I don't get it. If b = Pb, then

$$|<b|a>|^2 = <a|b> <b|a> = <a|Pb><Pb|a>$$

and I want to show that this equals

$$<a|a><b|b>$$

??

12. Oct 12, 2006

### Galileo

Just in case you want to try a different path (because it may be easier):
If a and b are linearly independent, then $$a-\lambda b\not= 0$$ for all $\lambda \in \mathbb{R}[/tex]. Now what you can you say about the inner product of [itex]a-\lambda b$ with itself?

13. Oct 12, 2006

### Logarythmic

I don't know, what can I say?

$$<a - \lambda b|a - \lambda b> = <a|a> - \lambda <a|b> - \lambda <b|a> + \lambda^2 <b|b>$$

?

14. Oct 12, 2006

### StatusX

That's a polynomial in lambda that has no real solutions. Look at the determinant.
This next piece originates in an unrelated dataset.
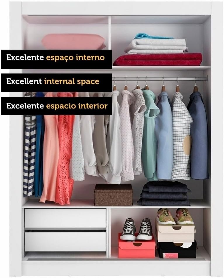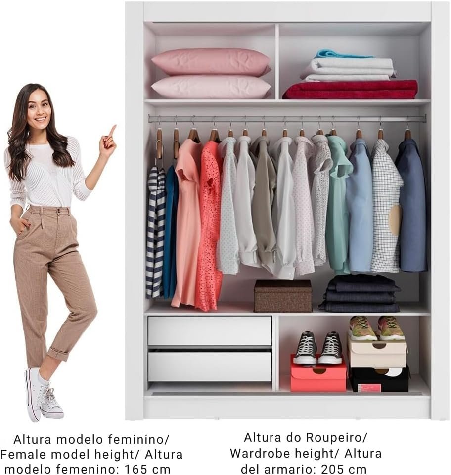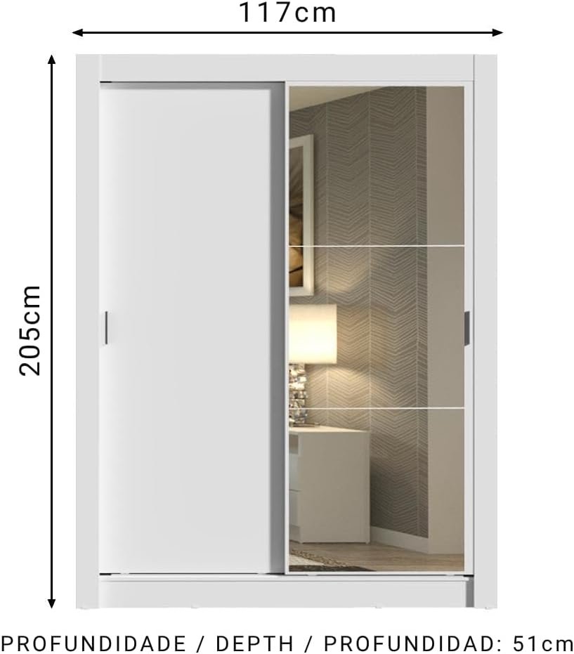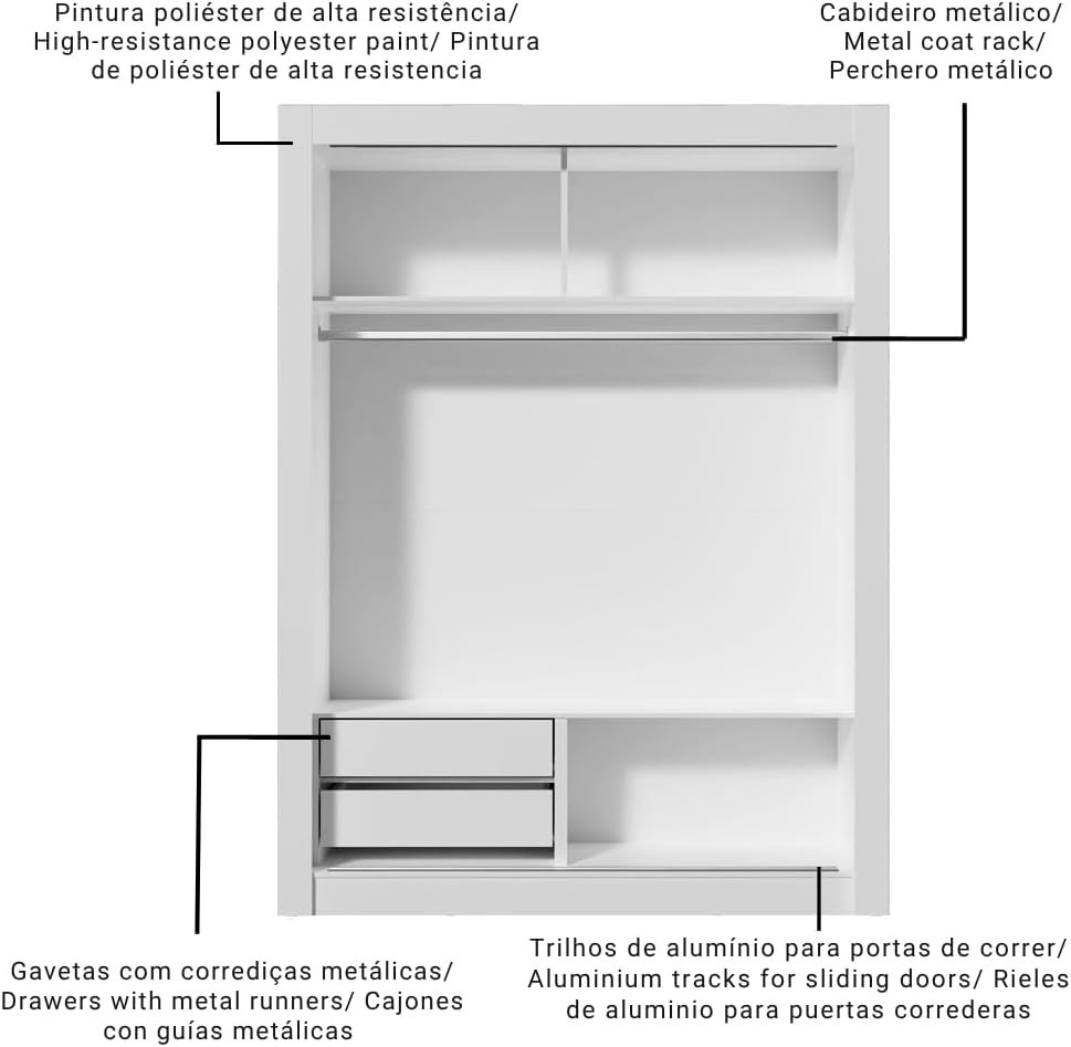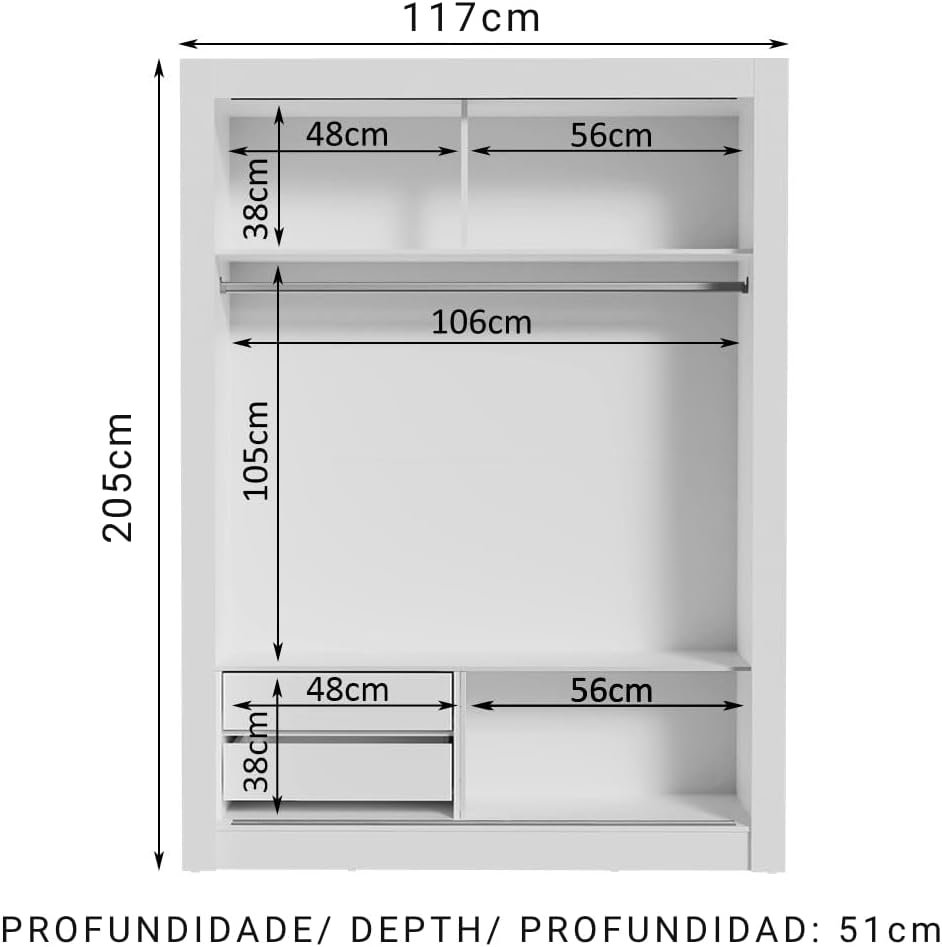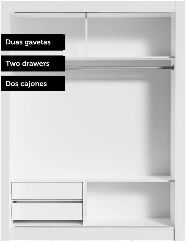Guarda-Roupa Solteiro Madesa Dallas 2 Portas de Correr com Espelho 2 Gavetas

Galileo's way is probably easier (and nicer, as it doesn't require a projection operator), but all I wanted you to do was plug in |<a,b>|^2=|<a,Pb+Qb>|^2=|<a,Pb>+<a,Qb>|^2=..., and you'll eventually end up with something like |<a,b>|^2+c||Qb||^2=||a||^2||b||^2, so that equality holds iff Qb is zero.

Last edited: Oct 12, 2006
15. Oct 12, 2006

### Galileo

True. Now, if v is a nonzero vector, what does that say about <v,v>?
(You have a vector v=a-Lb that is nonzero for EVERY L.)

16. Oct 17, 2006

### Logarythmic

So <v|v> is constant and I get an expression for $$\lambda$$? My head is pretty messed up after this thread.

17. Oct 17, 2006

### Galileo

No, <v,v> is not constant wrt lambda. It's a quadratic equation in terms of lambda, as you have shown.

The inner product has the property that:
$$\langle v,v \rangle \geq 0 \mbox{ with equality only if v=0}$$

Since your v is not zero it is positive for any value of lambda. That means you have a quadratic equation which has no real roots. What does that tell you about its determinant?